WHAT TO PRODUCE →
The material below holds the lines to copy: from the one with "Luxury Hand-Made Pearls" up to and including the one with "スロープ下に2つ50kw急速". Copy them exactly and skip the pictures.
---+---
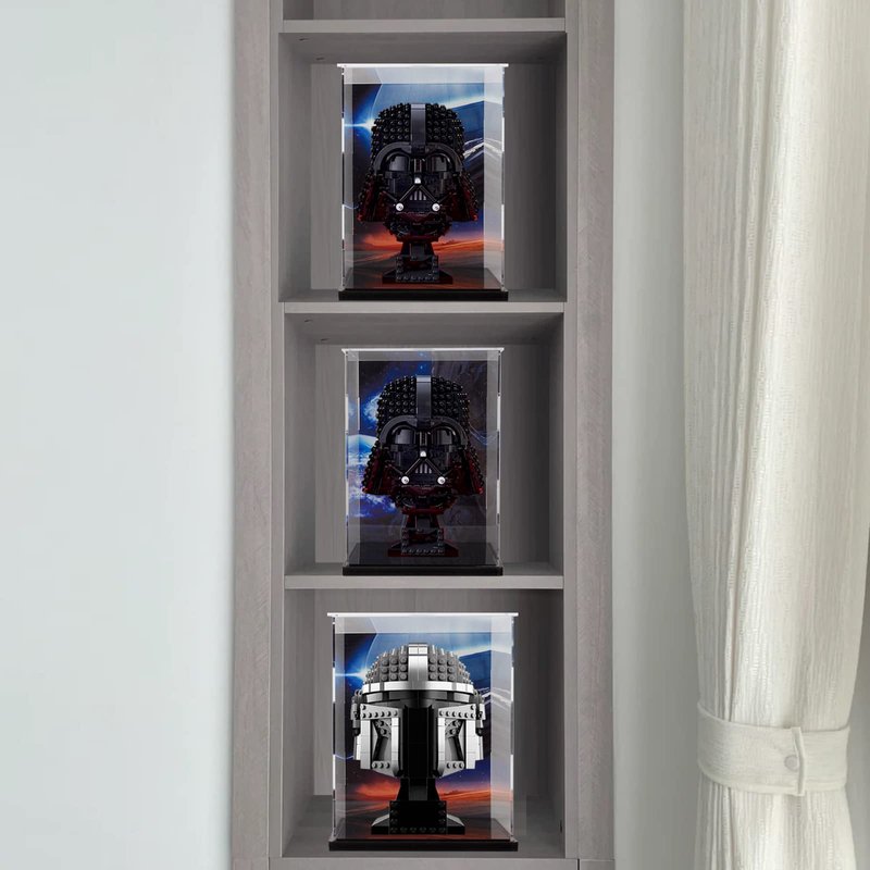 Lego Helmet Display case,HD Inkjet Background for Lego 75304 Darth Vader Helmet Model Set,Lego Display Box for Venom Helmet 76187,Lego Batman Cowl 76182,Helmet 75277 and 75276 75305 75327 75343.
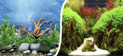 Dvostranska akvarijska tapeta z motivom skal in rastlin
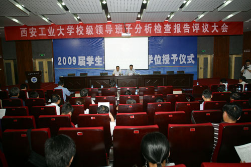 (本网讯)6月16日下午,西安工大在未央校区报告厅召开了校级领导班子贯彻落实科学发展观情况分析检查报告群众评议大会,校党政领导赛云秀、刘江南、丁养斌、张君安、刘建勋、刘卫国,校长助理陈桦,工会主席徐雪芹出席,大会由校学习实践活动领导小组副组长、校长刘江南主持。
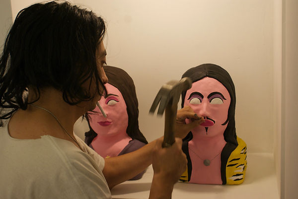 Artista multidisciplinario enfocado en el tema de los procesos destructivos como medio de creación su obra posee características rituales,cargada muchas veces de religiosidad y una poderosa línea estética, sus imágenes aparentemente dulces y elegantes llevan consigo los más viscerales temas ,la fascinación por el drama humano y la doble animalidad que esto supone.
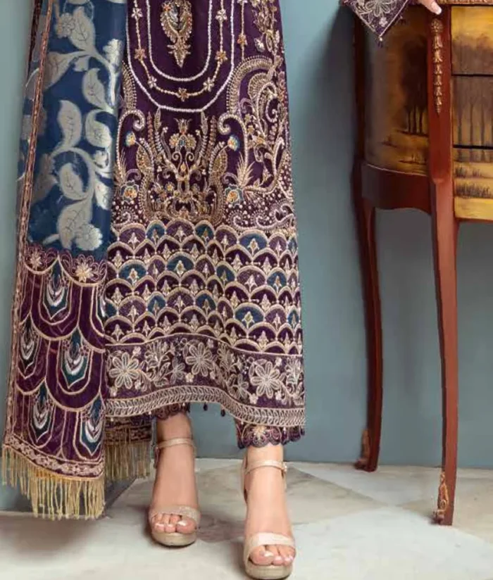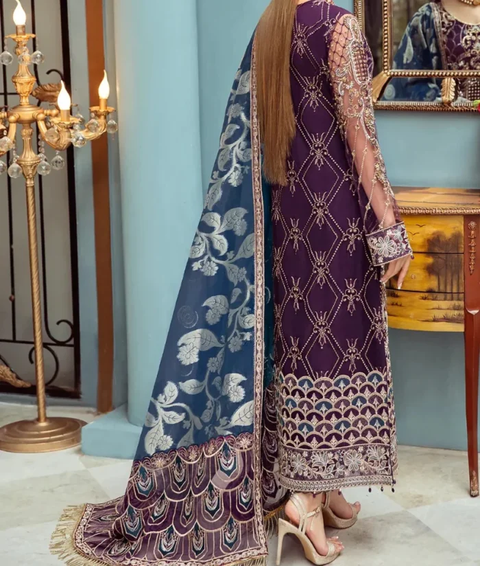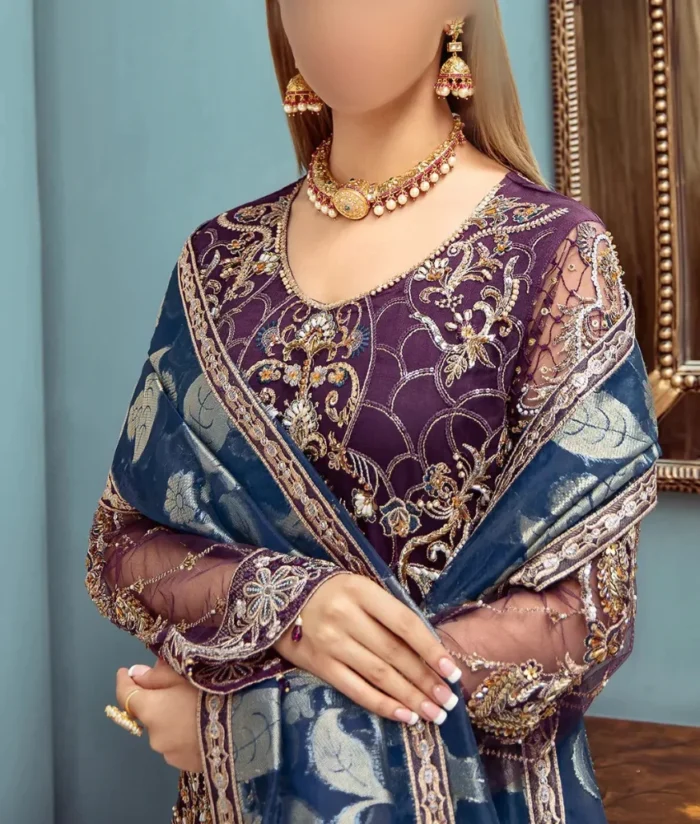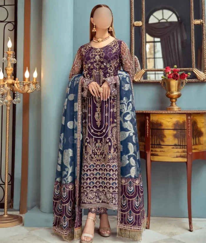 Luxury Hand-Made Pearls Embroidered Net Dress In Purple
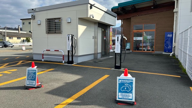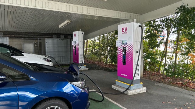 スロープ下に2つ50kw急速充電器があります。張り紙がしてありました。何度か遭遇してましたがphevの車が充電終了後もそのまま移動してないことが多いです。
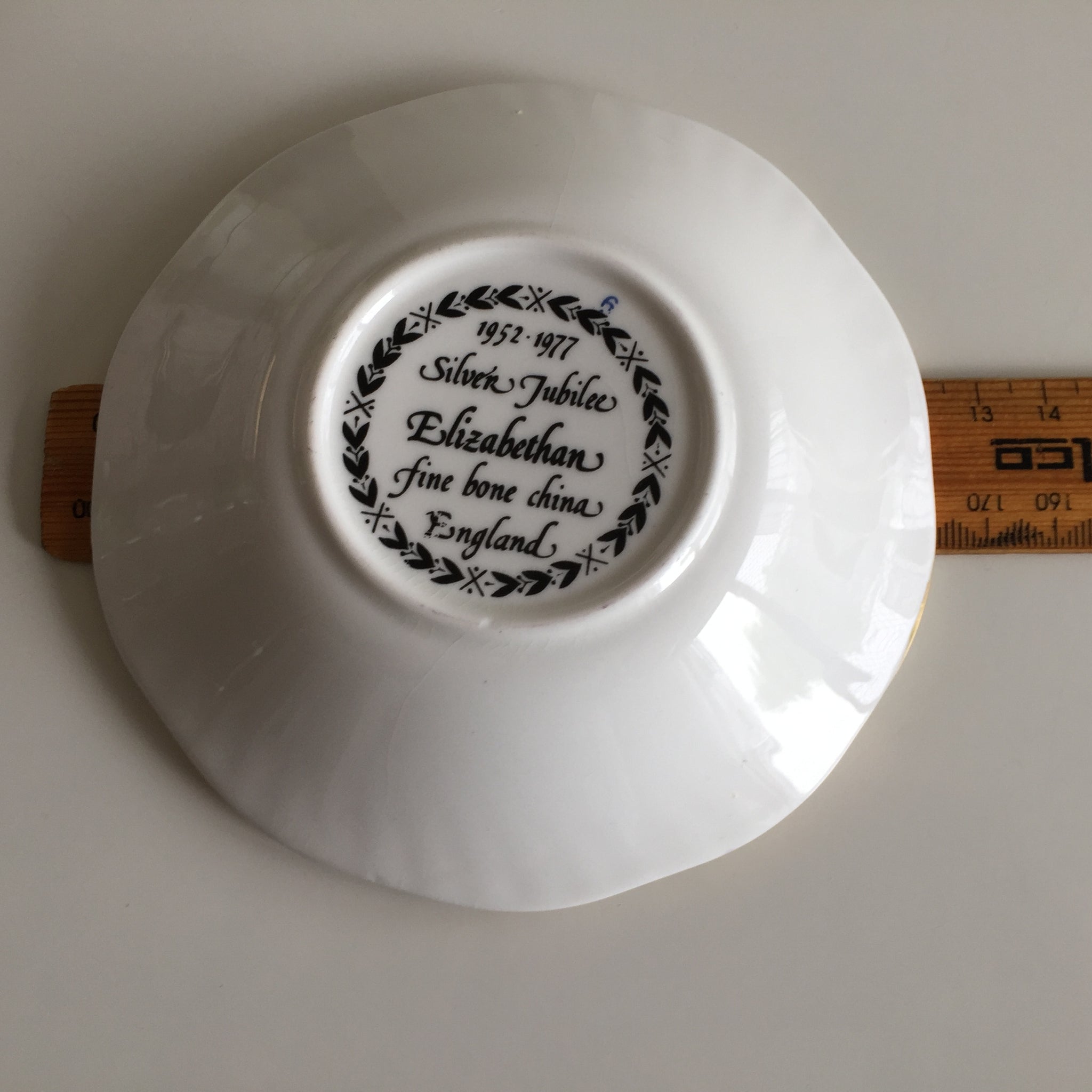 Measuring 12 cm across and 3 cm deep, this fine porcelain exemplifies the superior craftsmanship of vintage British ceramics—built to endure and cherish for generations. The bone china construction ensures both refinement and longevity, a hallmark of pieces that have survived decades with grace.
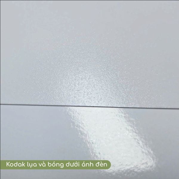 Kodak Lụa ít phản sáng, nhìn sang và dịu mắt; Kodak Bóng màu rực, nổi bật nhưng dễ phản sáng hơn.
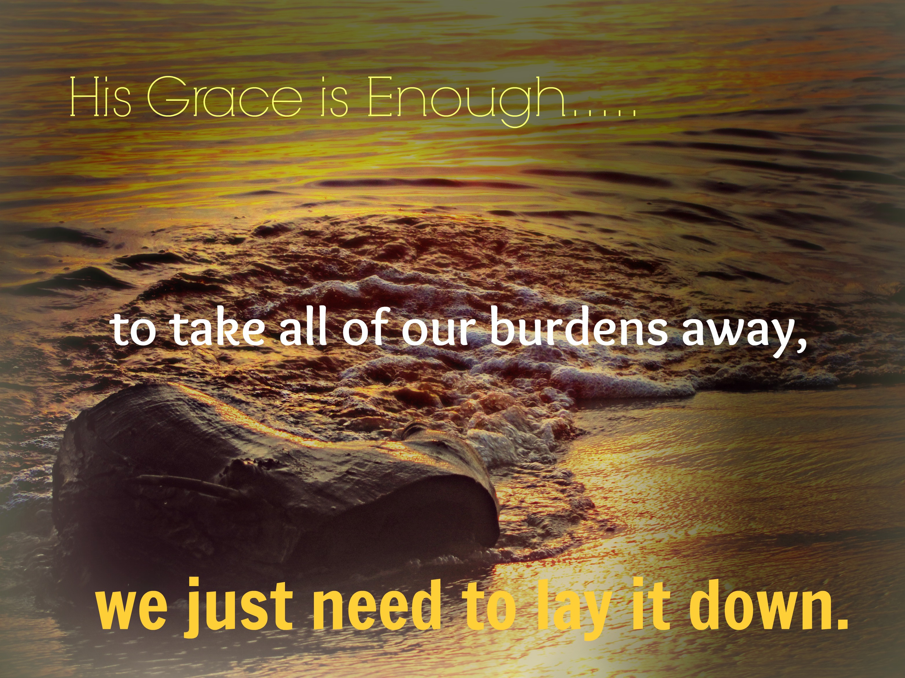 During worship this past Sunday as we were singing His Grace is Enough, our associate pastor stood up and gave us a word picture about this very thing.  He said picture yourself putting all of your “stuff” on a beach.  For some it would only be a one or two things, for others the whole beach might be lined up, but no matter what just lay it down.  Then as the waves come crashing upon shore, watch and see what God’s grace can do.  God’s grace is the waves.  Never stopping.  Consuming the beach wave after wave.
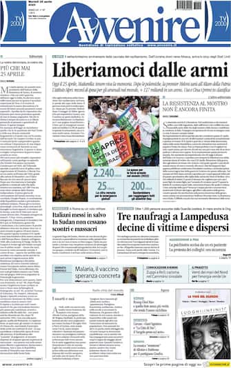 Avvenire: apertura con titolo "Liberiamoci dalle armi". Oggi il 25 aprile. Mattarella: tenere viva la memoria. Spazio a "Italiani messi in salvo. In Sudan non cessano scontri e massacri"
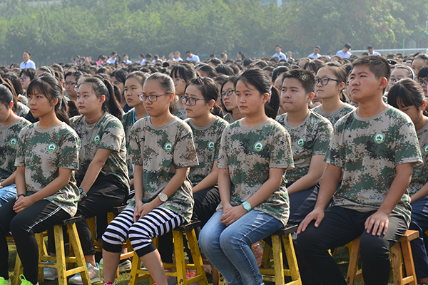 9月1日上午,我校在运动场隆重举行2017级新生军训营开训典礼,2700余名身着迷彩服、英姿勃发的参训同学将开始军训生活。县人武部政委包艳伦,某部队首长及56名教官,执行校长张申等学校领导出席。
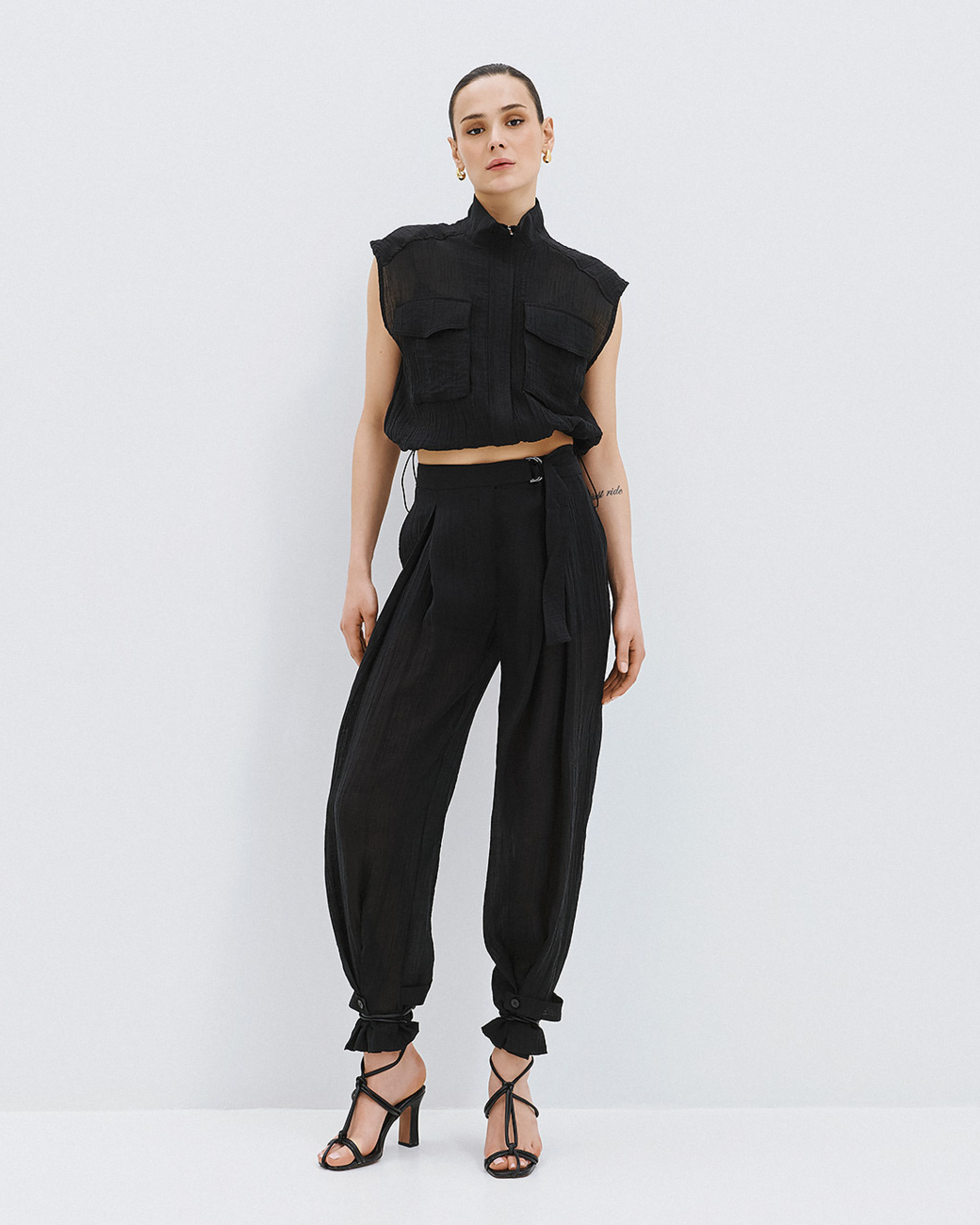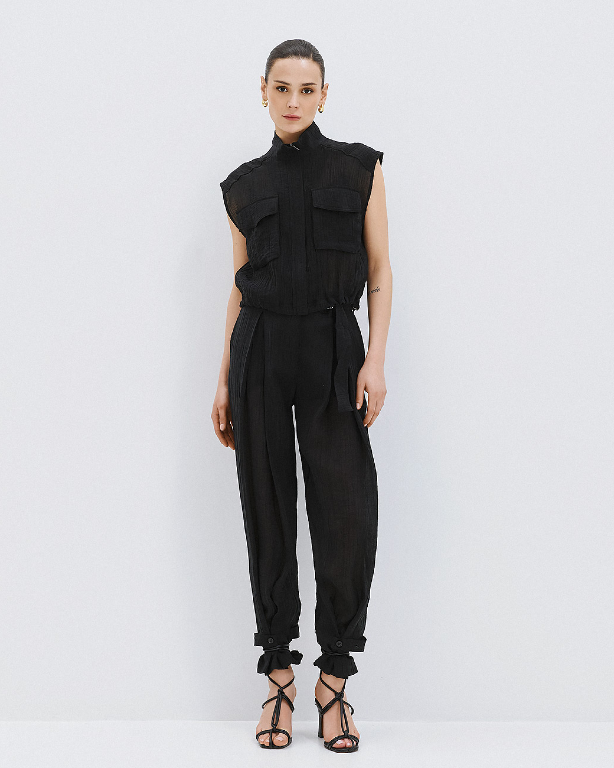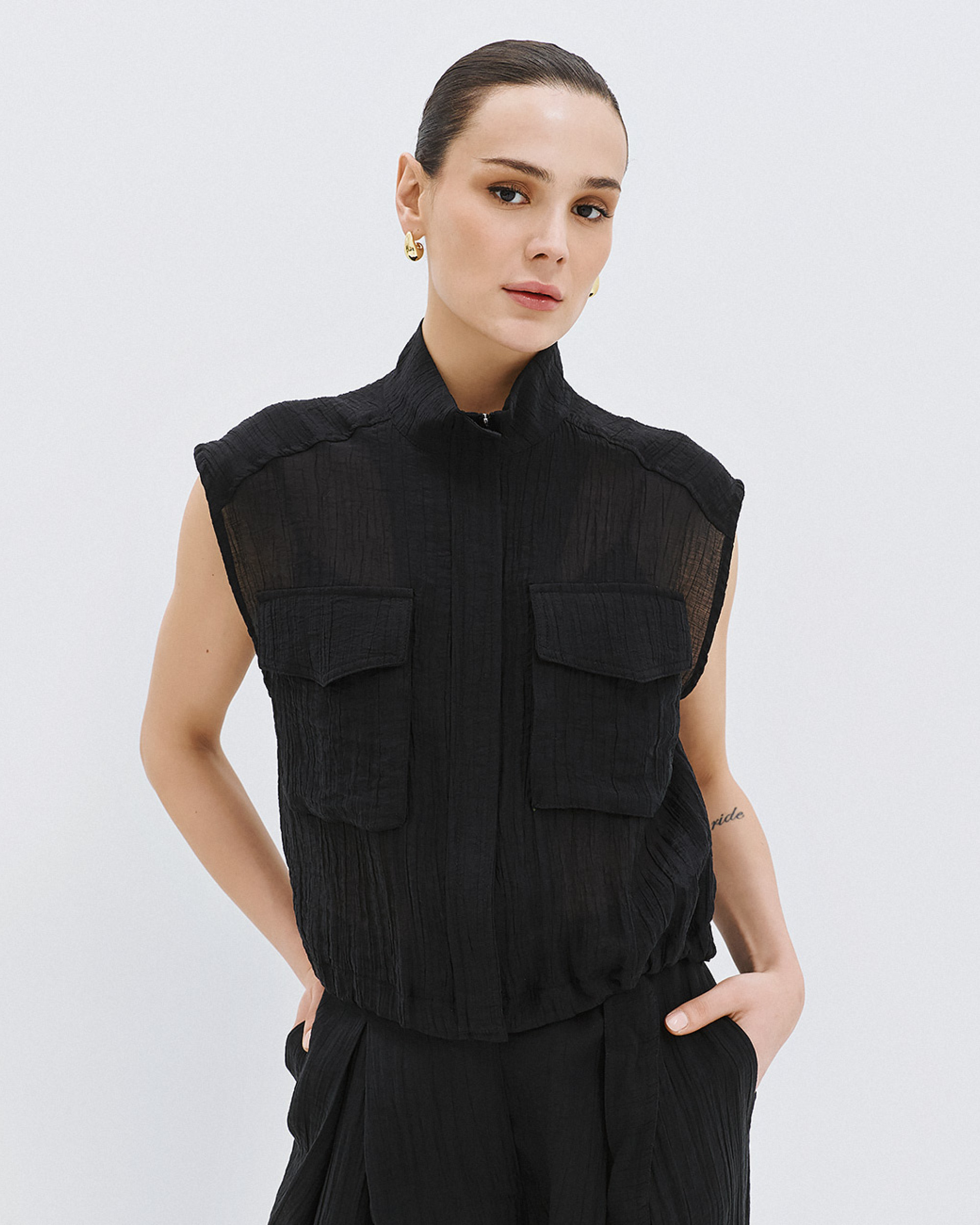 Black semi-sheer military style top with front patch pockets, funnel neck and parachute tie waist. Style with the matching trousers for a complete look.
---+---
SOLUTION TO THIS EXERCISE →
 Luxury Hand-Made Pearls Embroidered Net Dress In Purple
 スロープ下に2つ50kw急速充電器があります。張り紙がしてありました。何度か遭遇してましたがphevの車が充電終了後もそのまま移動してないことが多いです。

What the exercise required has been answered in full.